DATA BLOCK START
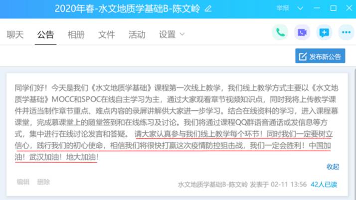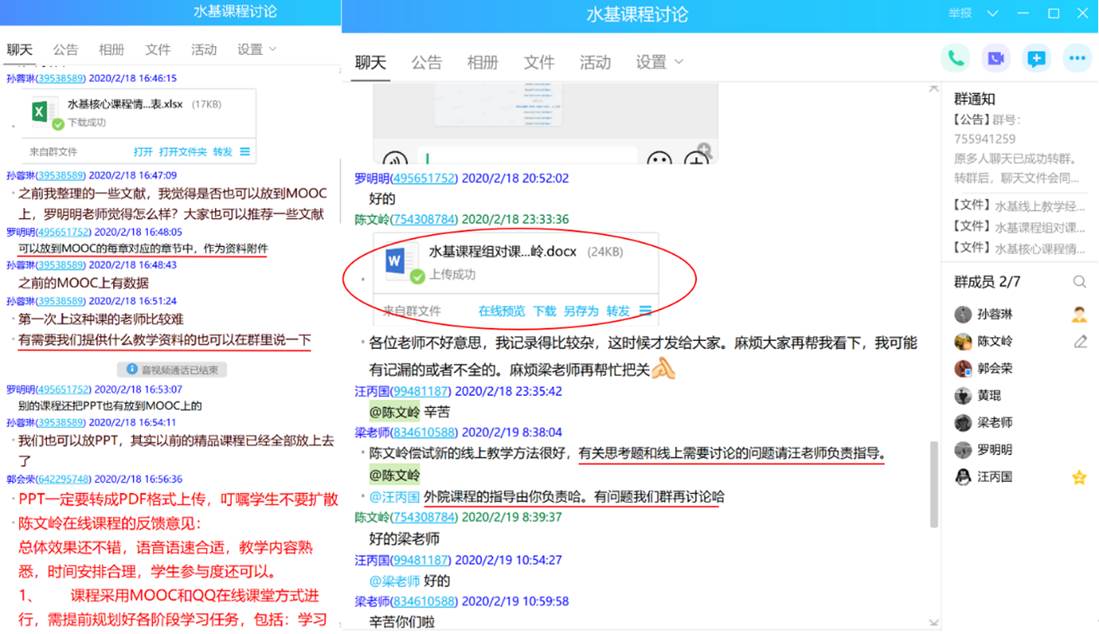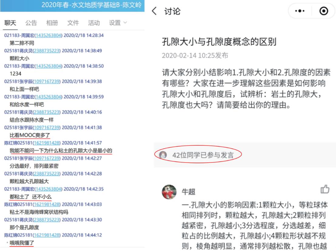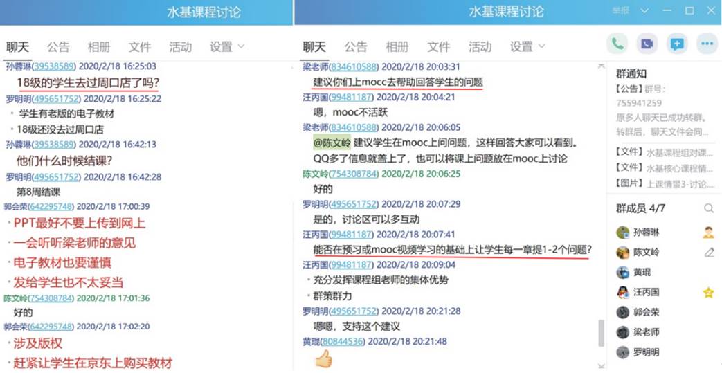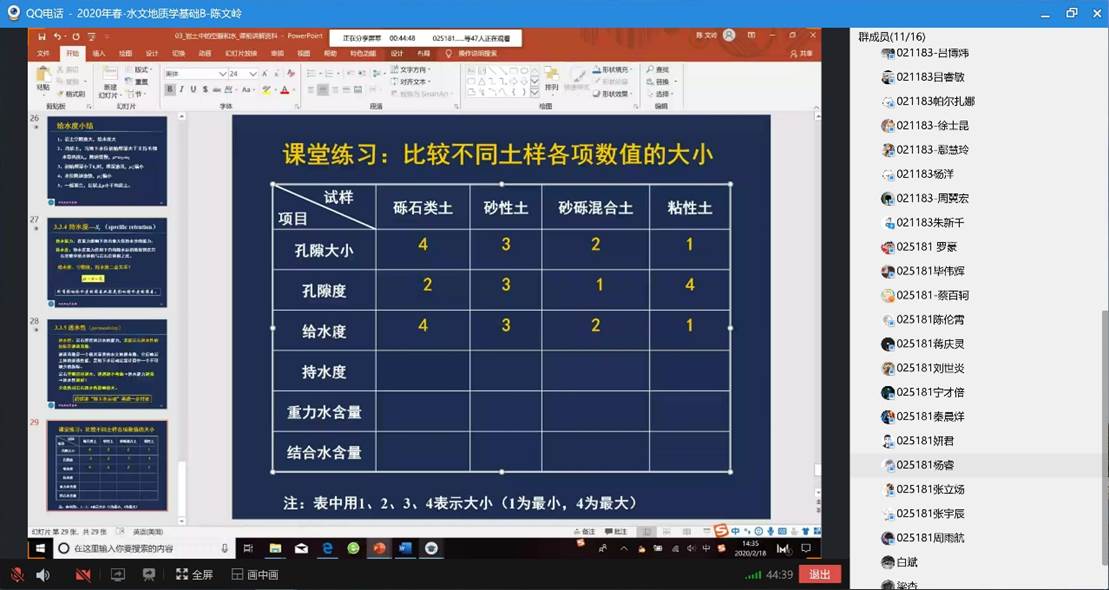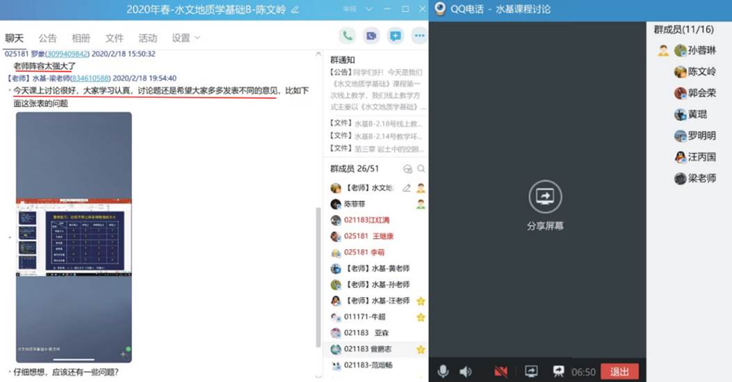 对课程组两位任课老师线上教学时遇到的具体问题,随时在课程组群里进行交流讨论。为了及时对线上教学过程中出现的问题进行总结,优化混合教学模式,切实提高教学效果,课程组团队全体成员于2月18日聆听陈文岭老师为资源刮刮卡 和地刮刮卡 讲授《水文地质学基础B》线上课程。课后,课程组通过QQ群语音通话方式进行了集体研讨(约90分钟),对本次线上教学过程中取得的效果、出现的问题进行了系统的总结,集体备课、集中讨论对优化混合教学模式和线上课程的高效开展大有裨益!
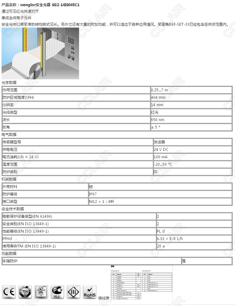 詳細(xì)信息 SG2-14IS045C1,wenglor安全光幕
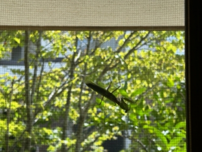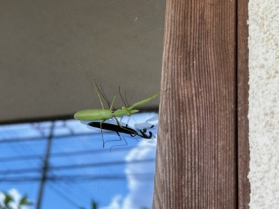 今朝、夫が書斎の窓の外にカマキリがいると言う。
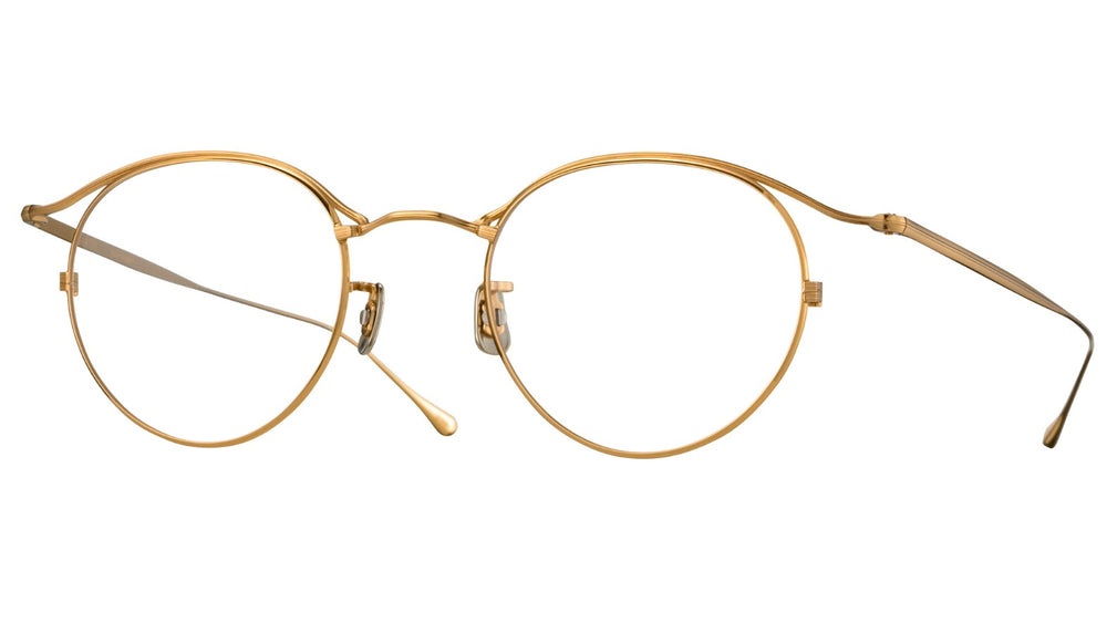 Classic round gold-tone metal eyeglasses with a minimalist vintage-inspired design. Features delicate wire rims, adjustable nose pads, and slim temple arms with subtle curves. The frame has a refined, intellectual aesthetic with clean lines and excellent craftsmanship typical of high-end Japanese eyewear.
DATA BLOCK END
- _EXERCISE GOAL_:
If a picture falls within the lines from the one containing "今朝、夫が書斎の窓の外にカマキリがいると言う。" through the end of the material, leave it out while repeating those lines exactly.

- _THE COMPLETED TASK_:
 今朝、夫が書斎の窓の外にカマキリがいると言う。
 Classic round gold-tone metal eyeglasses with a minimalist vintage-inspired design. Features delicate wire rims, adjustable nose pads, and slim temple arms with subtle curves. The frame has a refined, intellectual aesthetic with clean lines and excellent craftsmanship typical of high-end Japanese eyewear.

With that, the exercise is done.